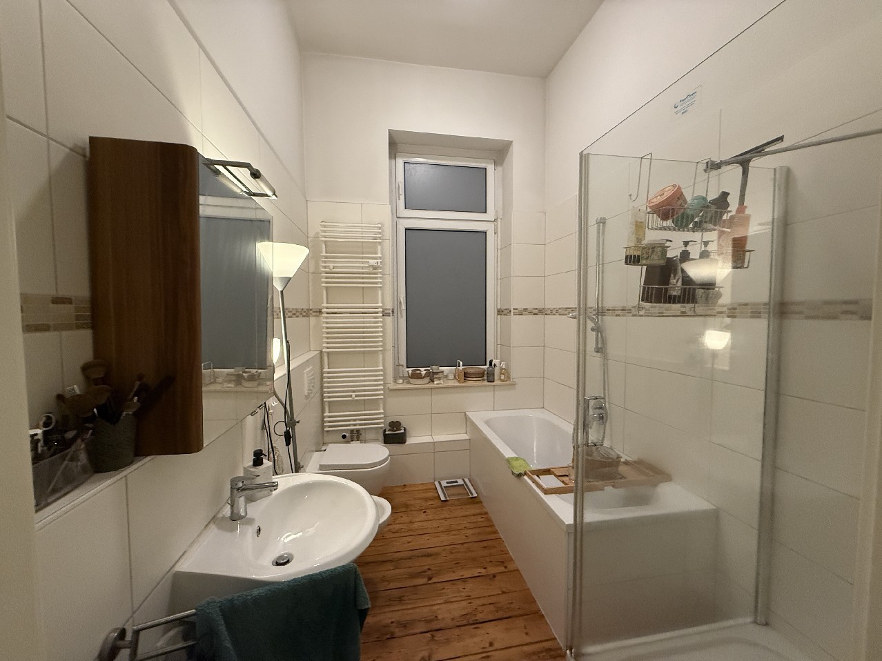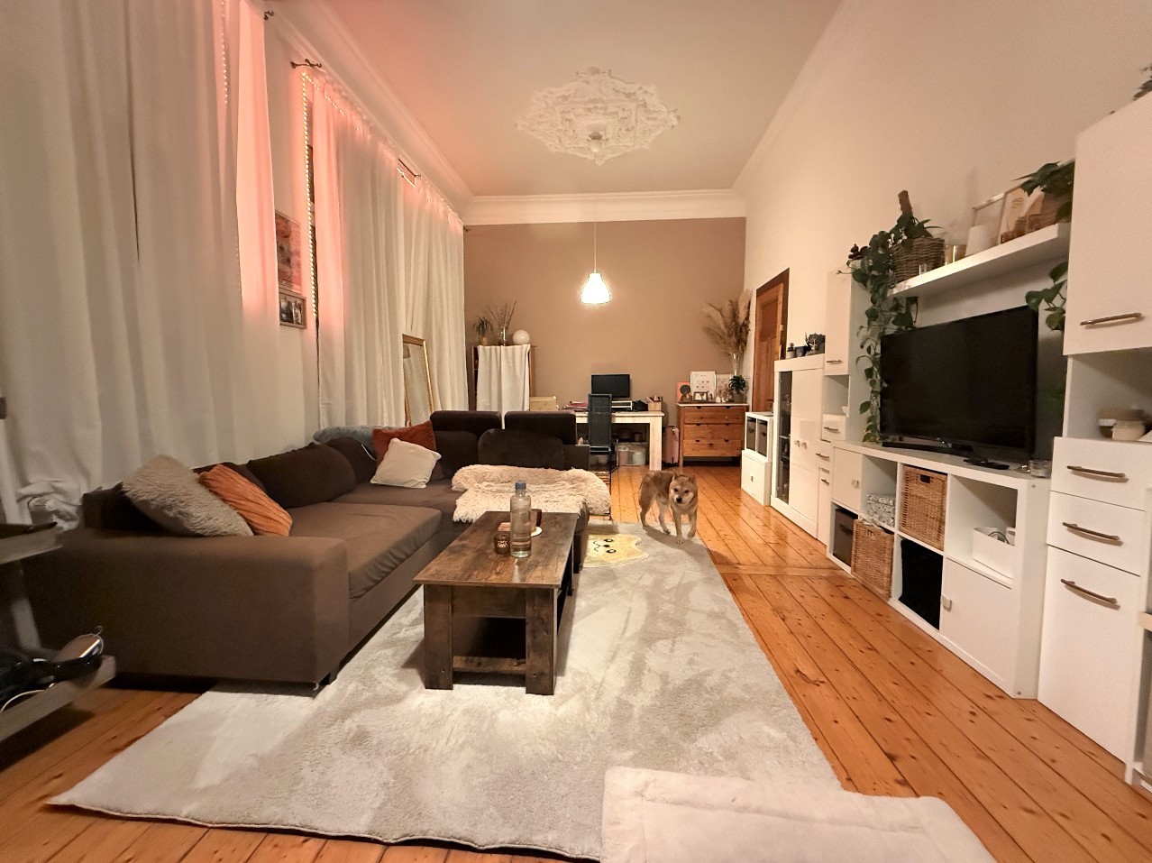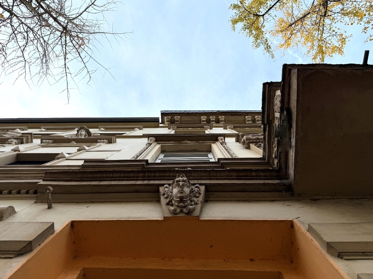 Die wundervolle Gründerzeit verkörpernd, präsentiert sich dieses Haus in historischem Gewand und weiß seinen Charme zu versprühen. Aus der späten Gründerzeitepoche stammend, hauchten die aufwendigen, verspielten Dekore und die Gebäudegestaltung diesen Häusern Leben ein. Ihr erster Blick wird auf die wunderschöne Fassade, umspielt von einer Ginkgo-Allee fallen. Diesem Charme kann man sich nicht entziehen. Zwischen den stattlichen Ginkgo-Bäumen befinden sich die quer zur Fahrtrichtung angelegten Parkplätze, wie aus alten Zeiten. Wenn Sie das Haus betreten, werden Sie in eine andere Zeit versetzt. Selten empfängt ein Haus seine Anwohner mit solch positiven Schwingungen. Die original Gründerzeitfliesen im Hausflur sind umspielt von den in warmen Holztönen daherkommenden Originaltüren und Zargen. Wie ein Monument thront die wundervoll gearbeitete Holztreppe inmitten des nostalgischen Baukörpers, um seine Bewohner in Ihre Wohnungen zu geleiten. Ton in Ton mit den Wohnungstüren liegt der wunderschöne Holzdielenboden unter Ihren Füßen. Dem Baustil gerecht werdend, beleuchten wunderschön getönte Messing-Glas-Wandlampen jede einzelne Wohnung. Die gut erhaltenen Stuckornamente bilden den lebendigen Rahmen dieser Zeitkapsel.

--------------------------------

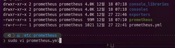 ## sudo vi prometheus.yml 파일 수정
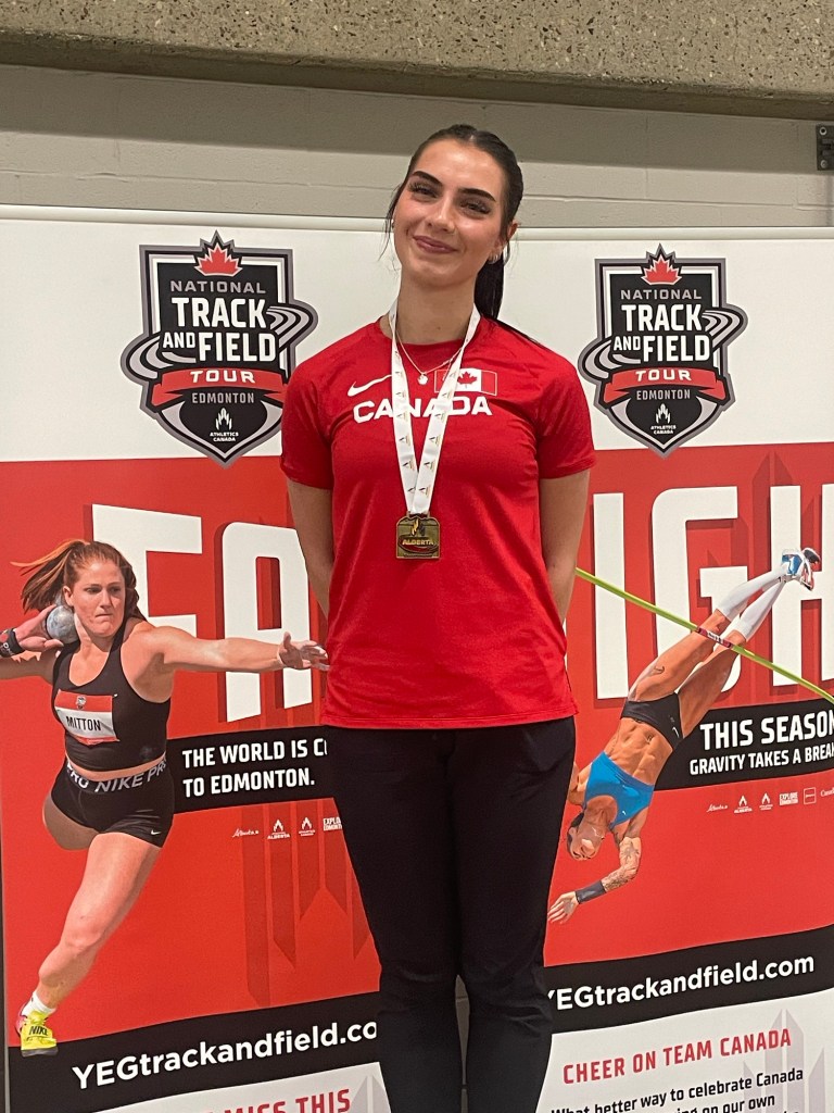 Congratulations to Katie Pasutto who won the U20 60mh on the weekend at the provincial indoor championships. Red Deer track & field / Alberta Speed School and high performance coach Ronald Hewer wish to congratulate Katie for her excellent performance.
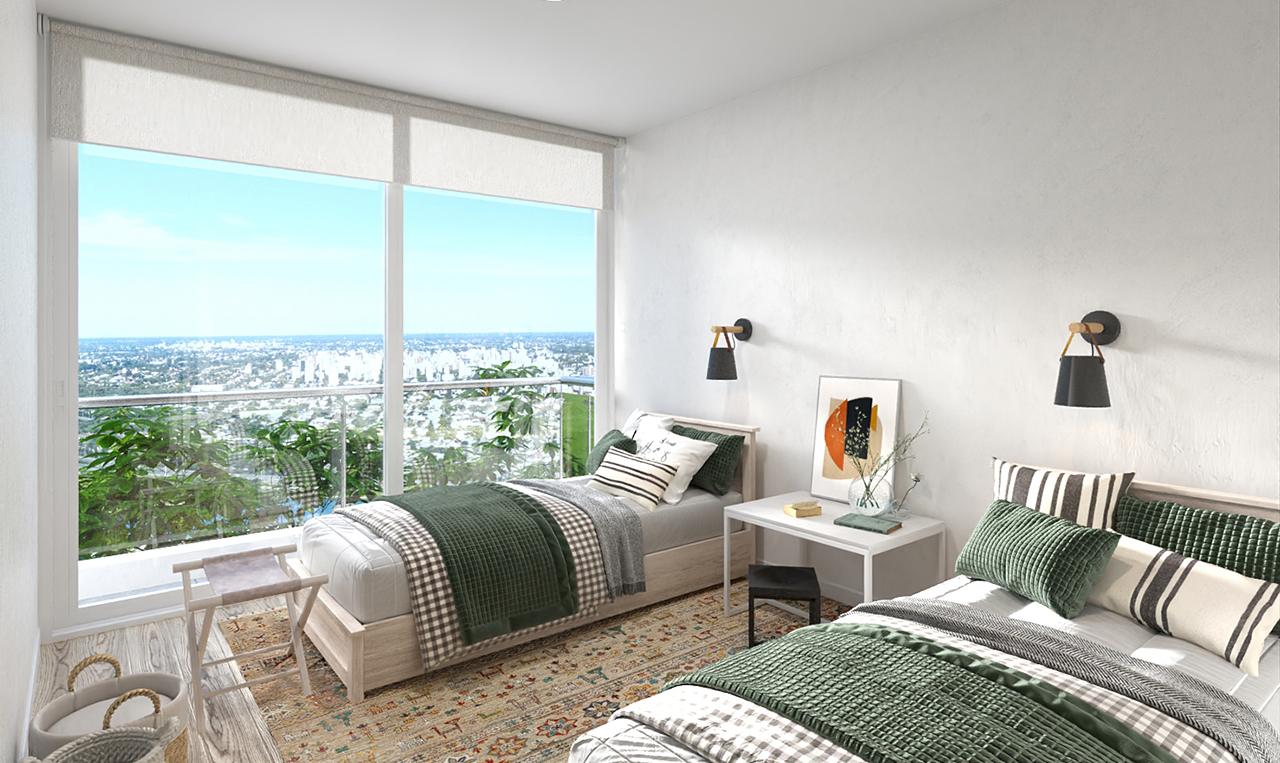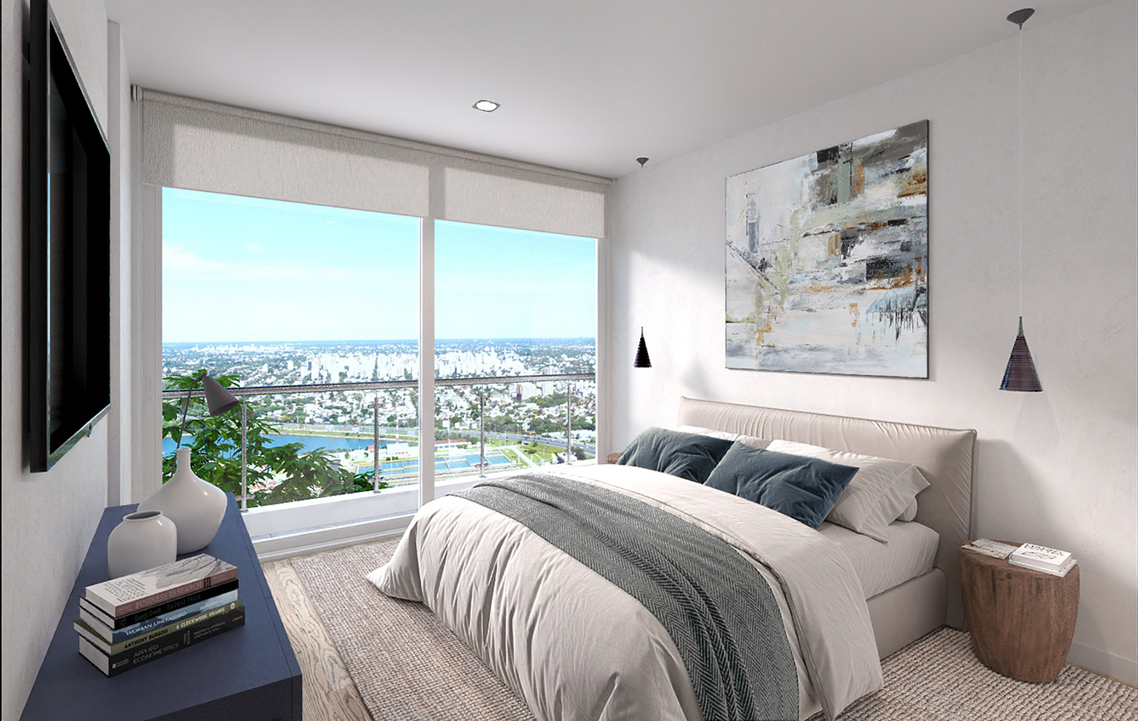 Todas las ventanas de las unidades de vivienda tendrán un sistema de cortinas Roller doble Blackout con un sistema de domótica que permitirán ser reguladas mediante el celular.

--------------------------------

> Work instruction: Copy the lines above exactly, starting at the one with "## sudo vi prometheus.yml 파일 수정" and ending at the one with "Congratulations to Katie", both included. Leave out any pictures and add nothing else.

> Answer space:
 ## sudo vi prometheus.yml 파일 수정
 Congratulations to Katie Pasutto who won the U20 60mh on the weekend at the provincial indoor championships. Red Deer track & field / Alberta Speed School and high performance coach Ronald Hewer wish to congratulate Katie for her excellent performance.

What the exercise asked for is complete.